Even with the fighting and chaos, my family is filled with love and laughter. The laughter has always been louder than the fighting. My kids, at the end of the day, actually like each other. As much as they complain and moan and whine about so and so being in their room or touching one of their toys, the kids have a strong, loving bond. That is something that I cherish and hold dear to my heart. I pride myself on the fact that our family is no different from others. We hang out as a family on the weekends. We go to the movies together. We go to Walt Disney World and take ridiculous, silly pictures with the characters, as a family of seven.

How do I do it? I just do. I don’t follow any rules. I don’t give myself goals. I don’t use the words have to. I expect my kids to try their hardest. I expect them to try and behave the best that they can. I expect my kids to make mistakes. I also expect my kids to achieve, dream and prosper. I don’t live my life requiring anything. I try to teach the kids to do their best. Period. I don’t care if I am raising the next great baseball player or nuclear scientist. I don’t care if my kids don’t get straight A’s on their report cards. All I care is that, when the kids are older, they can look back and say “you know what Mom, you did good.”

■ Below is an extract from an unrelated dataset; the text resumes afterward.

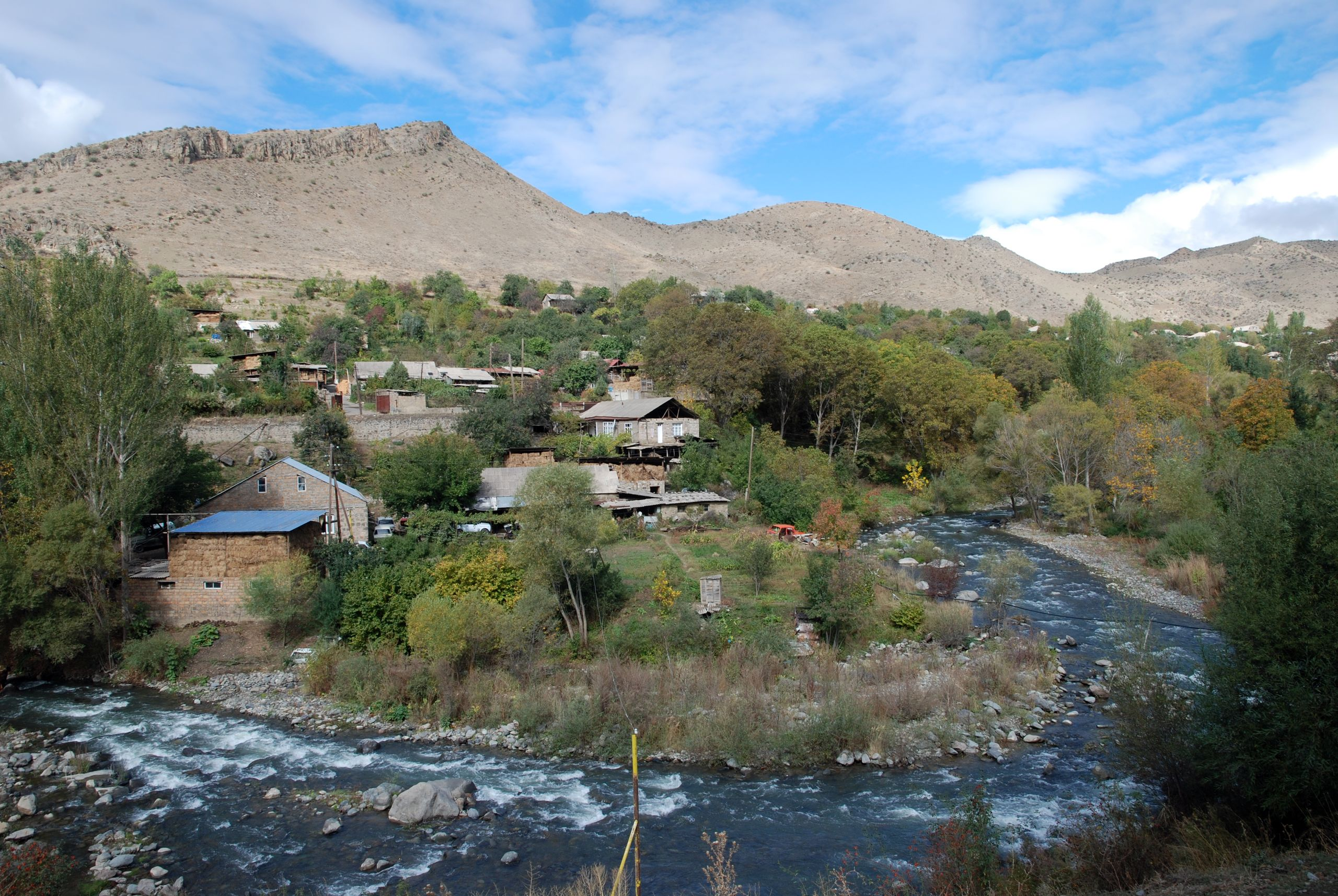 Shatin village, Vayots Dzor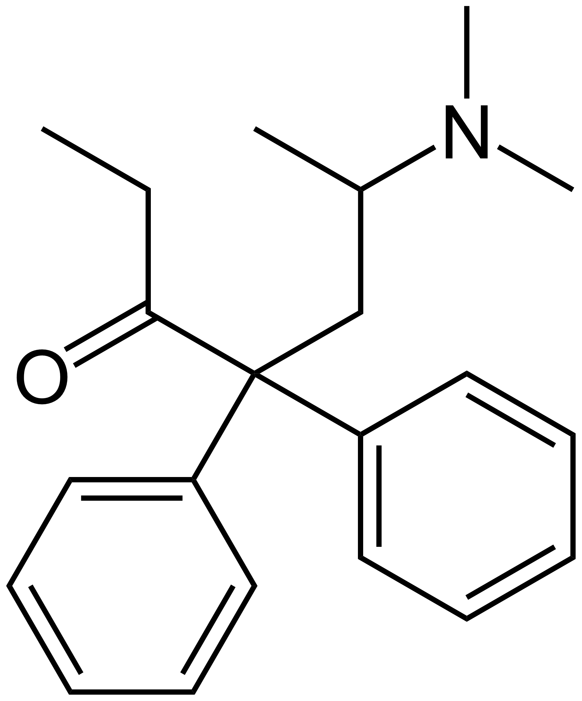 Structure of methadone or 6-(dimethylamino)-4,4-diphenyl-3-heptanone

Parenting is the same, no matter how many kids you have. You want your kids to have the best you can give them, to be happy, and to be loved.

I think I am doing all that, and hopefully more.

*Dani is a SAHM to five and a wife to one. On a daily basis, I attempt to balance motherhood, love and sex. Sometimes I get lucky. Sometimes I don’t. To find Dani, you can visit her blog at www.suburbiainterrupted.com and on twitter at www.twitter.com/sunshinemommy.

Comments

  1. I too have 5 kids (4 girls and 1 boy) and since mine are older than yours I will tell you we do survive this crazy whirlwind of parenting.. I love that I have 5 because it’s always exciting, more people to love & be loved by and while it was not always easy it’s well worth the effort..
    (PS- one of my daughter’s name is Renee’ 🙂

  2. Wow, I can’t even imagine having five kids to care for! I’ve only got one almost two-year-old daughter now, and some days I can feel so rundown. I’m amazed that you say, “I chose to be a mother to five, which inadvertently puts the wants and needs of me on the back burner. And I am 100% okay with that.” Do you ever find a little time for yourself (weekly, monthly, even)?

    I just wrote a post for Sunday about how I’m discovering that I NEED to start making time for myself again, as I did before I had a child. Although I dream of having a big family like yours, I recognize that this would mean “me time” would virtually disappear. Maybe I’m just not cut-out for more than a couple of children!

    – Evanthia

    • Hi Evanthia,
      Every other weekend, my husband and I split the kids up between grandparents and we have a kids free 24 hrs. That is my me time and date night lol. And at the end of the day i do have time for ‘me time’. You get used to the amount of kids and learn to take time wherever you get it lol.